◆ **WHAT YOU ARE ASKED TO DO**:
Every line of the material must be restated exactly, though not its pictures.

◆ **GIVEN INFORMATION**:
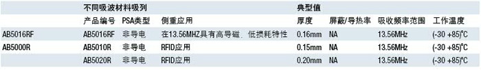 3M AB5000R磁性材料 产品介绍 AB5000R系列电磁波吸收材料是由高导磁材料填充在聚合物基材中形成的一种片状的导磁材料。 • 软磁片填充聚合物形成基材 • 非导电丙烯酸胶粘剂 • 提供离型纸,易于模切和使用 适用范围 3MTM AB5000R系列主要适用于改善13.56的RFID标签的抗金属性。
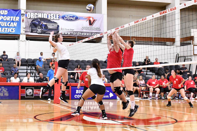 The Vulcans didn’t have a standout hitter Wednesday beyond junior middle blocker Ashton Jessee, who posted six kills on .333 hitting, adding four blocks. Junior middle Katrina Johnson added four kills on 10 attempts, but UH-Hilo’s prime options at outside hitter didn’t provide similar production. Siera Green had four kills, but hit .000, while Lucee Fitzgerald had one kill on 13 attempts.
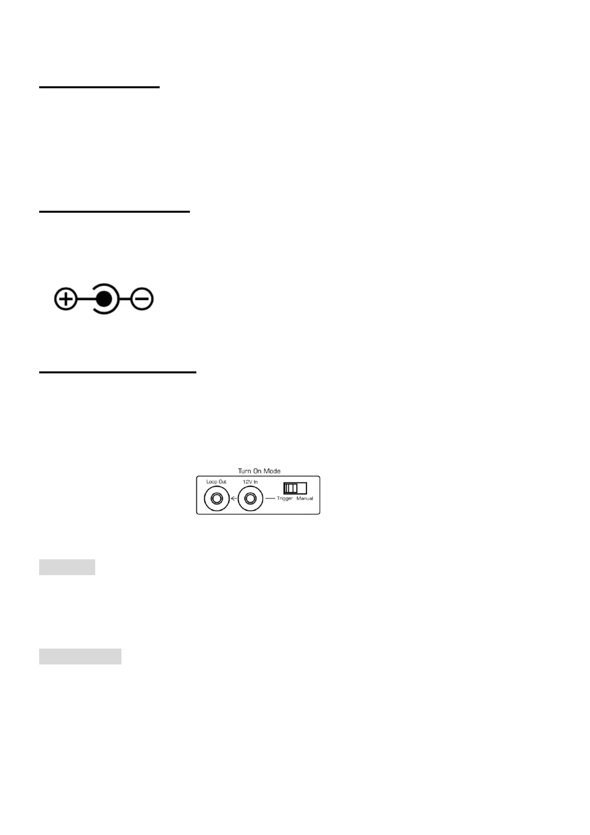 turns on and off. Setting the Turn On Options switch to Manual or 12 V Trigger

◆ **WRITTEN SOLUTION**:
 3M AB5000R磁性材料 产品介绍 AB5000R系列电磁波吸收材料是由高导磁材料填充在聚合物基材中形成的一种片状的导磁材料。 • 软磁片填充聚合物形成基材 • 非导电丙烯酸胶粘剂 • 提供离型纸,易于模切和使用 适用范围 3MTM AB5000R系列主要适用于改善13.56的RFID标签的抗金属性。
 The Vulcans didn’t have a standout hitter Wednesday beyond junior middle blocker Ashton Jessee, who posted six kills on .333 hitting, adding four blocks. Junior middle Katrina Johnson added four kills on 10 attempts, but UH-Hilo’s prime options at outside hitter didn’t provide similar production. Siera Green had four kills, but hit .000, while Lucee Fitzgerald had one kill on 13 attempts.
 turns on and off. Setting the Turn On Options switch to Manual or 12 V Trigger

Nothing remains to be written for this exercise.